AI Prediction Record: Want to Make Money in Prediction Markets with AI? But It Might Not Even Have Read the Question Clearly

marsbitPublished on 2026-01-04Last updated on 2026-01-04

Abstract

Based on an experiment comparing AI predictions against human "smart money" on Polymarket, this article investigates whether AI can reliably profit in prediction markets. The author tested Google's Gemini 2.5 Pro and xAI's Grok (via OpenRouter), both equipped with web search, on 21 resolved non-crypto market questions. The core finding is a divergence in performance: Grok achieved the highest win rate at 75%, outperforming humans (66.7%) and significantly beating Gemini (52.4%). However, a detailed analysis of the AI's reasoning revealed critical flaws. Gemini frequently misjudged the current date, leading to erroneous conclusions. Both models sometimes relied on superficial or commonsense assumptions instead of deep, evidence-based logic.
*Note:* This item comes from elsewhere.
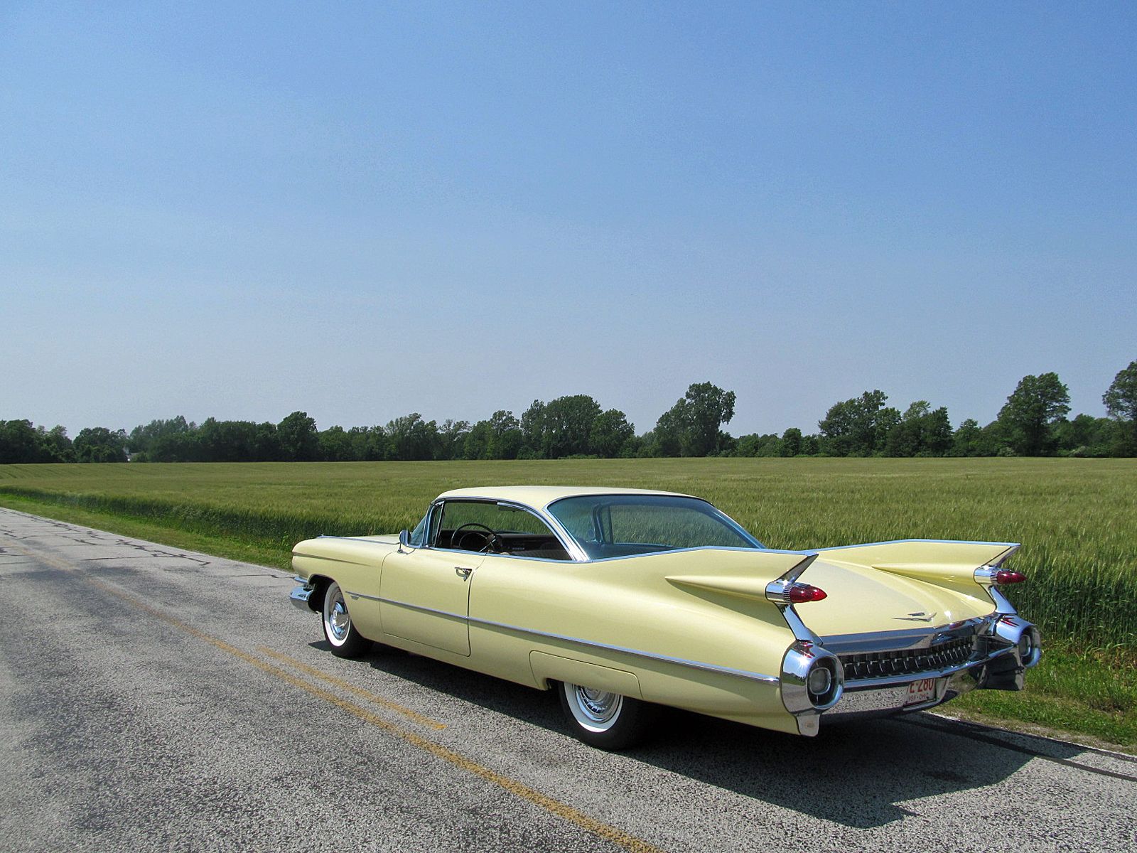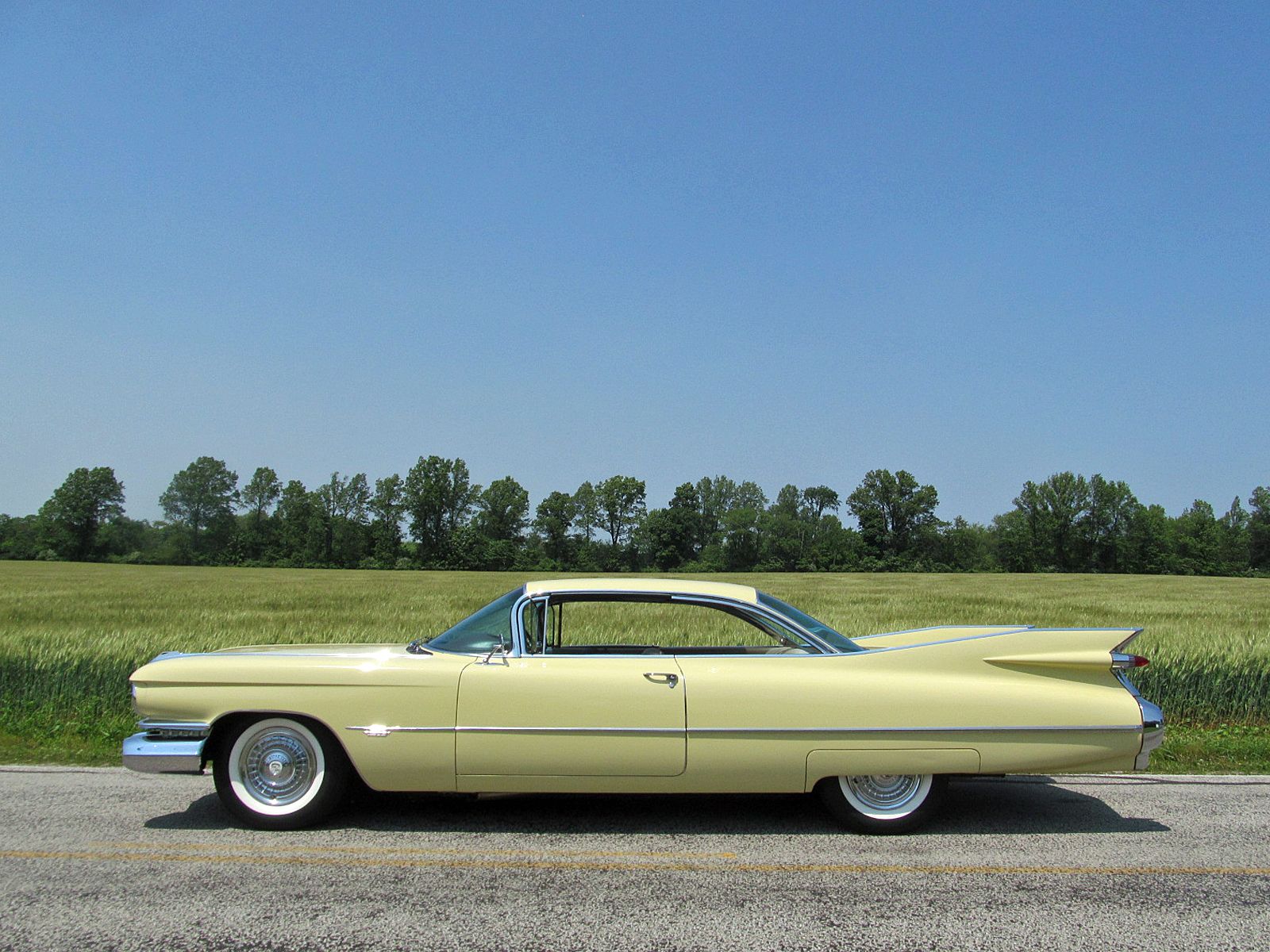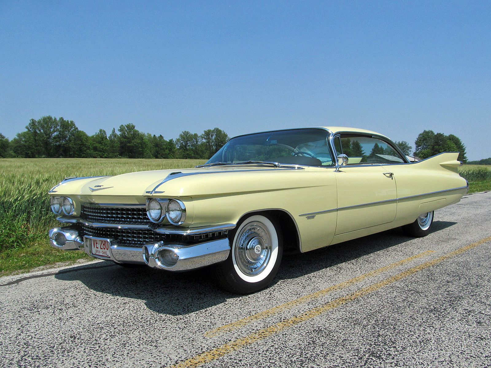 1959 Cadillac Series 62 Coupe. Call Pete or Andy 419-668-1884. The most iconic tailfins ever created! The zenith of jet-age style! Excellent. Style Number 6237. Finished in Color Code Correct number 40 Gotham Gold. The interior is finished in Trim Code Correct number 35 Fawn Mojave Cloth and Fawn Coated Fabric. Numbers Matching Engine, Chassis and Service Tag. Powered by Cadillac’s 390 Cubic Inch V-8 which was rated at 325 horsepower. Dual Exhaust. Hydra-Matic Automatic Transmission. This Cadilac is equipped with lots of great features. Power Steering. Power Brakes. Power Antenna. AM Radio. Clock. Heater / Defroster. Day / Nite Rearview Mirror. Remote Driver Mirror. Front Seat Belts. Rear seat arm rest. E-Z-Eye Tinted Glass. Radial Wide White Wall tires. The doors even lock and unlock with the key! Ready to Drive, Show and Enjoy. Call Pete or Andy 419-668-1884 BE SURE TO WATCH THE VIDEO!

A major failure mode was misinterpreting the specific settlement conditions of a market, such as confusing "any files" with "all files" being released. While Grok's results are promising, the experiment concludes that AI often fails to fully comprehend the question's nuances, highlighting a significant gap between raw information retrieval and true contextual understanding needed for reliable prediction.

Author|Nan Zhi (@Assassin_Malvo)

After many sectors were proven false, prediction markets have become one of the few sectors within the Crypto space that is still experiencing positive growth. On November 20, Nan Zhi began attempting to use last year's approach of finding smart money in Meme coins to search for smart money in prediction markets, achieving good results in the early stages.

In early December, coinciding with the launch of Gemini 3 Pro, the idea arose while testing related models: could AI be used to analyze and predict prediction markets, pitting humans against AI to see which side makes more accurate predictions?

When introducing prediction markets, they are often described as moving the market closer to the "truth" by "allowing insightful people to place real-money bets." However, some argue that Crypto + prediction markets allow "insiders" to safely profit from information asymmetry, thereby driving the market towards the "insider outcome." This is essentially a clash between the views of "wisdom of the crowd" and "truth is in the hands of the few." AI prediction leans more towards "wisdom of the crowd," thus requiring a large amount of available knowledge and insights.

Therefore, in selecting the AI model, Gemini and Grok were initially chosen because they rely on Google and the X platform, respectively, allowing for the most direct access to vast amounts of knowledge and insights. Recently, Nan Zhi added the combination of "Douban (Douyin Knowledge)," but due to the limited number of prediction questions involving it, it is not covered in this article.

Basic Rules

AI Versions: Gemini 2.5 pro (with built-in Google Search), Grok 4 Fast (called via OpenRouter, native search function enabled)
Question Selection: Humans choose the betting questions, AI follows with predictions, but the Crypto category is excluded.
Input Content: Official question (title), official description (Description), optional answers (actually only Yes and No)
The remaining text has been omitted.